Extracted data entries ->
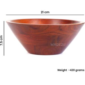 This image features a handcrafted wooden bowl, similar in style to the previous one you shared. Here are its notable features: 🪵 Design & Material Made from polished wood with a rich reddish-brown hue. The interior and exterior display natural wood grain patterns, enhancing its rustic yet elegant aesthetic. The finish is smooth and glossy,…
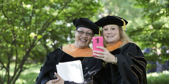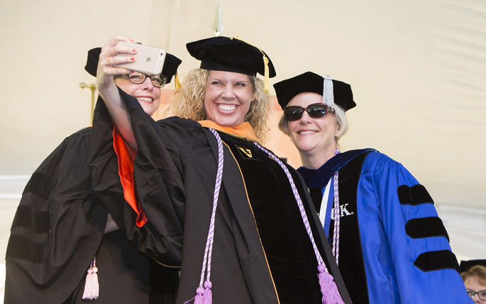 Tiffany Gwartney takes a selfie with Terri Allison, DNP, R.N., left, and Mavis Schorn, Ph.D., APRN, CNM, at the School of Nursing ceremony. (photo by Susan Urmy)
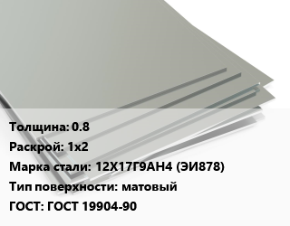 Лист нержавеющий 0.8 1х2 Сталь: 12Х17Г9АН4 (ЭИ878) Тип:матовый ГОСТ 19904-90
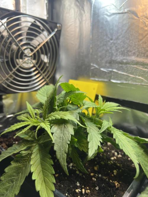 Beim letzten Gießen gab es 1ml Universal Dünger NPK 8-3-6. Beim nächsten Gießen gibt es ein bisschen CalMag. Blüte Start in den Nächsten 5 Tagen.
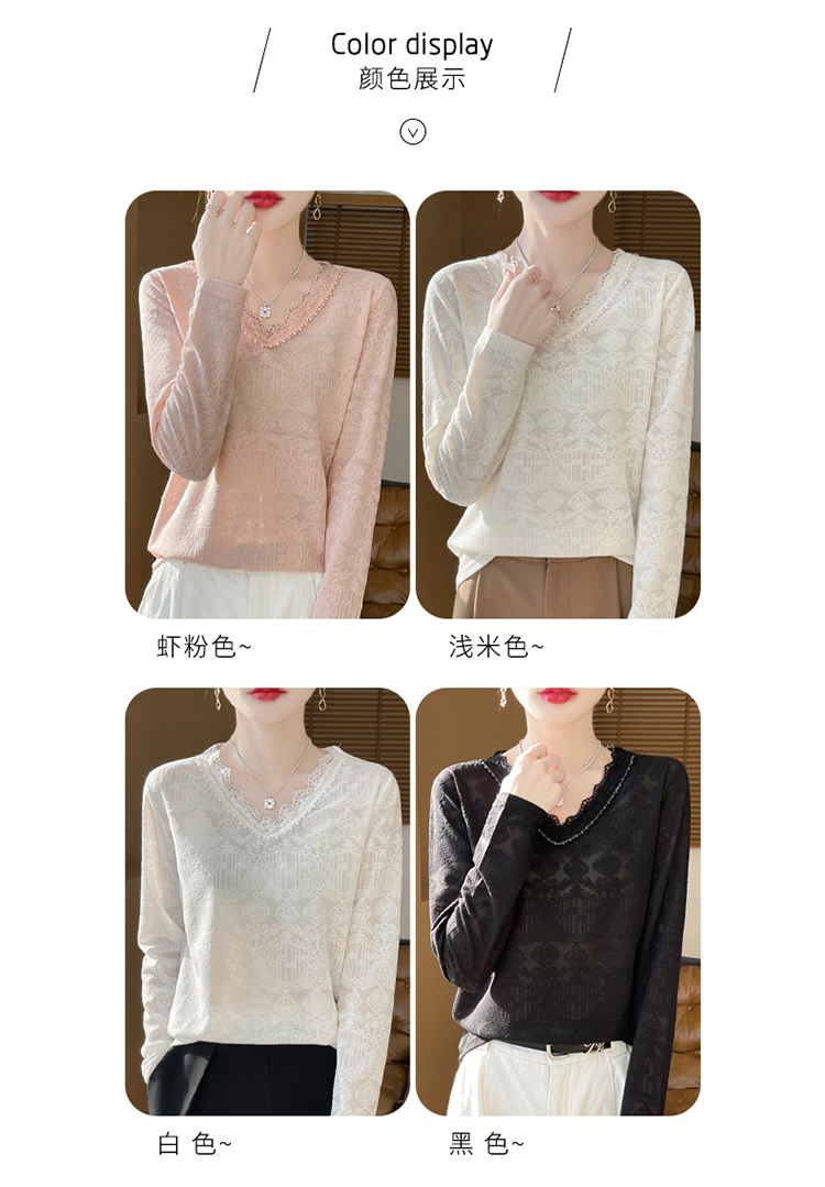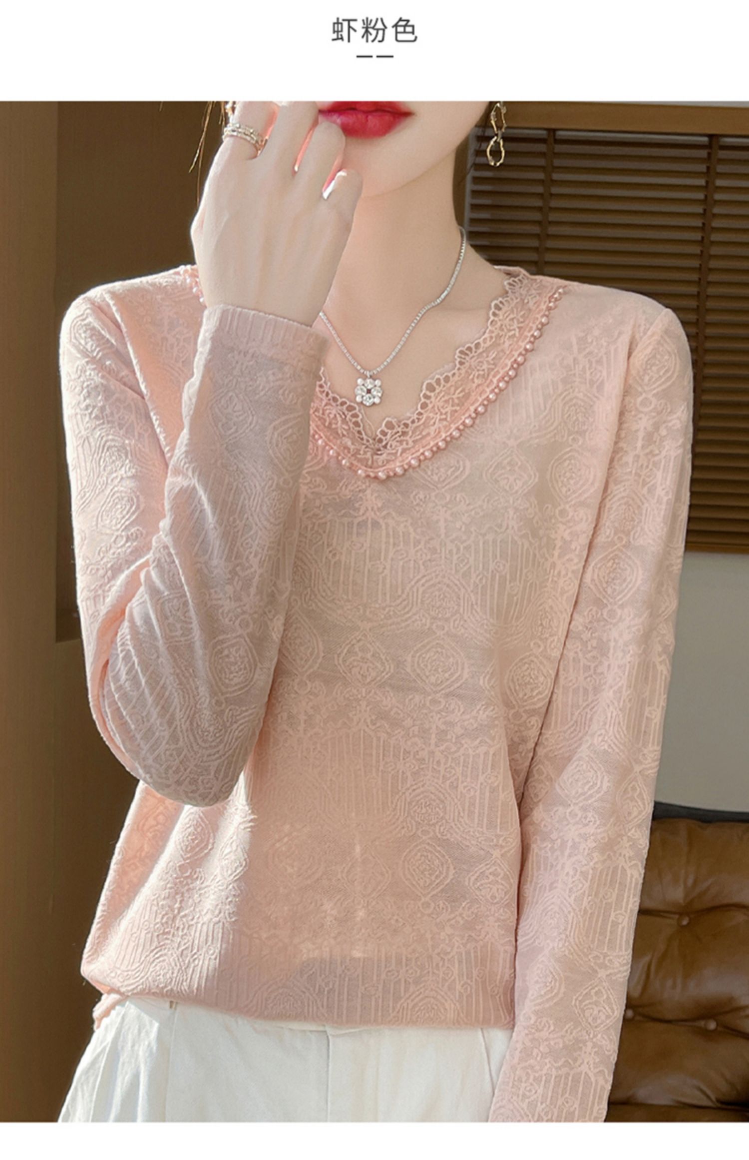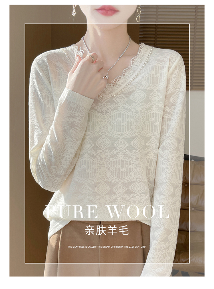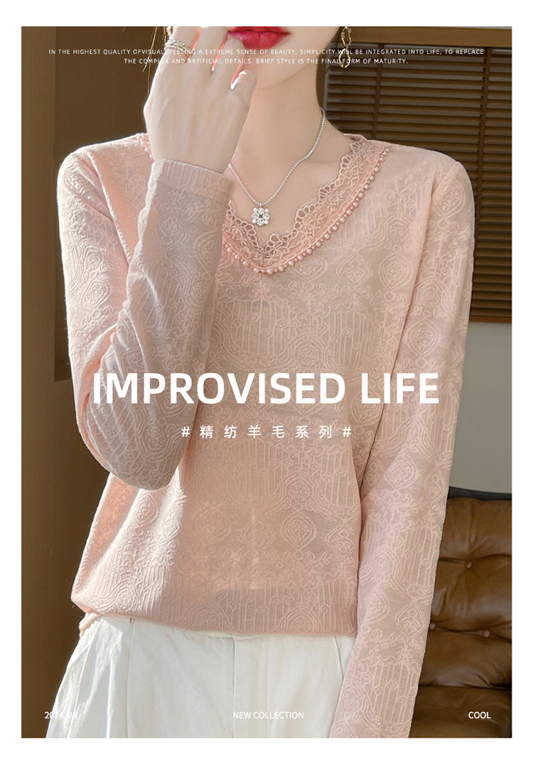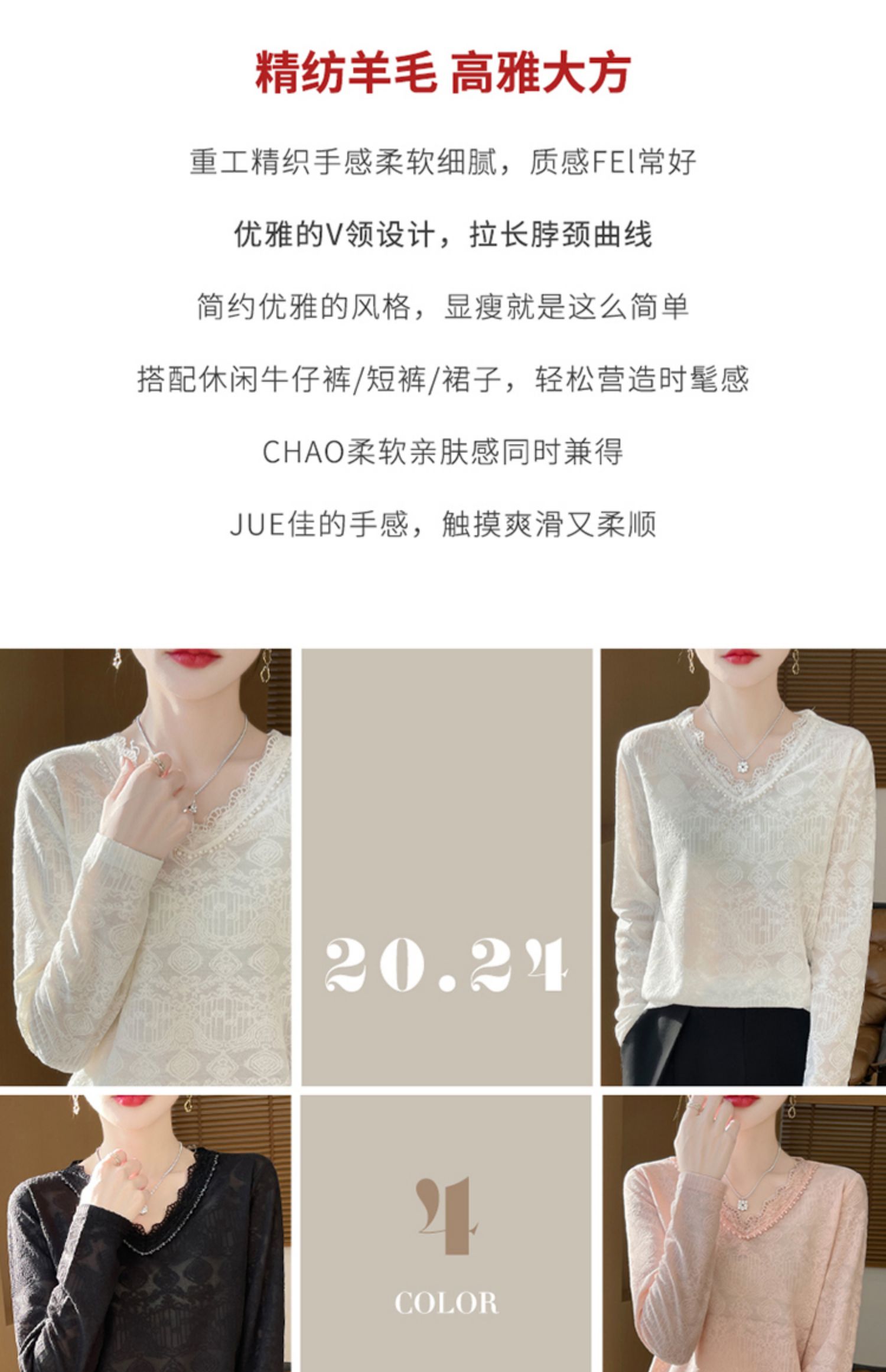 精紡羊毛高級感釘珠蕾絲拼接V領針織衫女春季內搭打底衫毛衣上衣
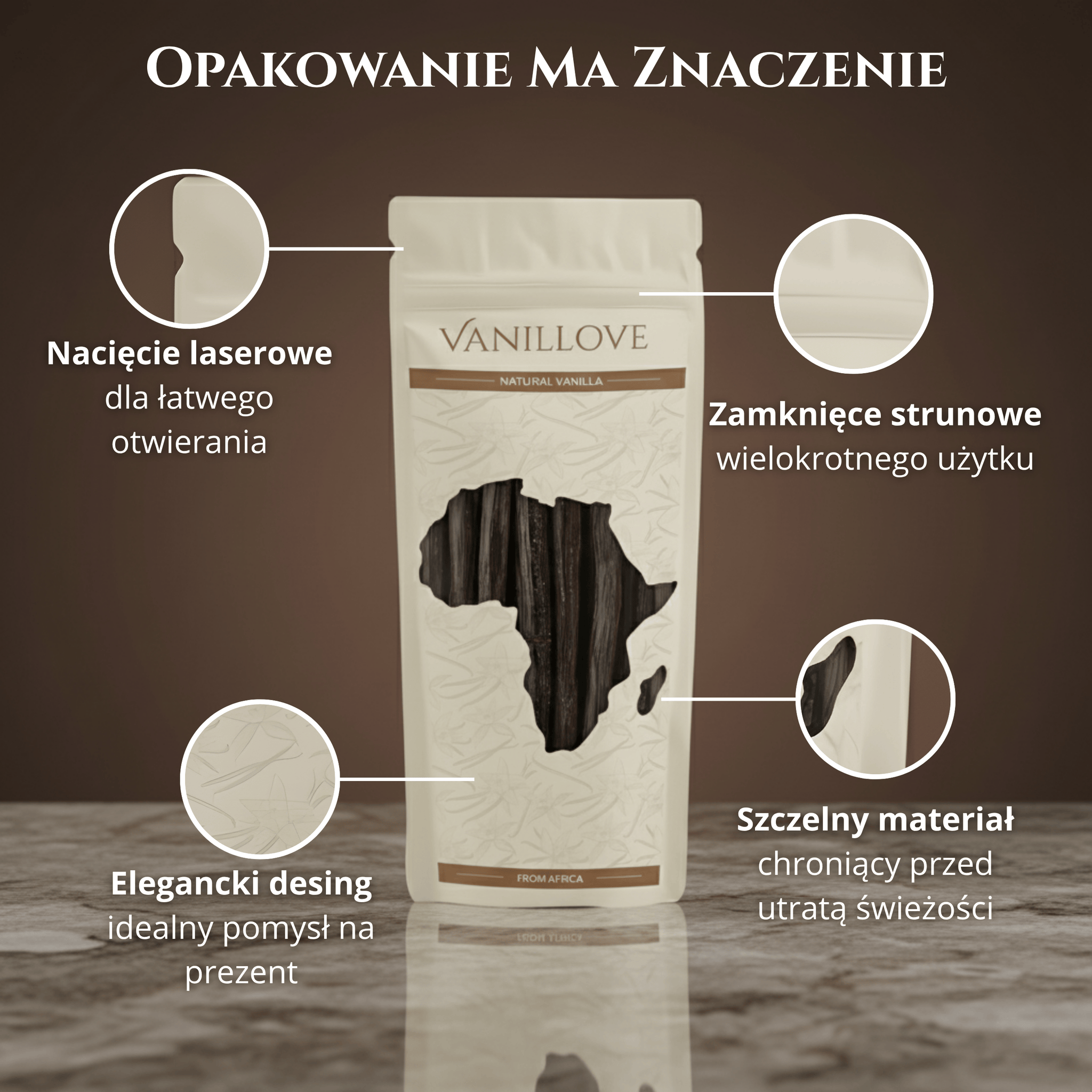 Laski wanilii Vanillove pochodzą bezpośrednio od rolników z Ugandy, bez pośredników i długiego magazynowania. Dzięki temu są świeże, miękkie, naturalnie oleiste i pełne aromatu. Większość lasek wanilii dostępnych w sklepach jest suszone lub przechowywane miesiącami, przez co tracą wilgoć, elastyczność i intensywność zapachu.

Problem -> Leaving the pictures aside, write out the entries above exactly.

Solved exercise ->
 This image features a handcrafted wooden bowl, similar in style to the previous one you shared. Here are its notable features: 🪵 Design & Material Made from polished wood with a rich reddish-brown hue. The interior and exterior display natural wood grain patterns, enhancing its rustic yet elegant aesthetic. The finish is smooth and glossy,…
 Tiffany Gwartney takes a selfie with Terri Allison, DNP, R.N., left, and Mavis Schorn, Ph.D., APRN, CNM, at the School of Nursing ceremony. (photo by Susan Urmy)
 Лист нержавеющий 0.8 1х2 Сталь: 12Х17Г9АН4 (ЭИ878) Тип:матовый ГОСТ 19904-90
 Beim letzten Gießen gab es 1ml Universal Dünger NPK 8-3-6. Beim nächsten Gießen gibt es ein bisschen CalMag. Blüte Start in den Nächsten 5 Tagen.
 精紡羊毛高級感釘珠蕾絲拼接V領針織衫女春季內搭打底衫毛衣上衣
 Laski wanilii Vanillove pochodzą bezpośrednio od rolników z Ugandy, bez pośredników i długiego magazynowania. Dzięki temu są świeże, miękkie, naturalnie oleiste i pełne aromatu. Większość lasek wanilii dostępnych w sklepach jest suszone lub przechowywane miesiącami, przez co tracą wilgoć, elastyczność i intensywność zapachu.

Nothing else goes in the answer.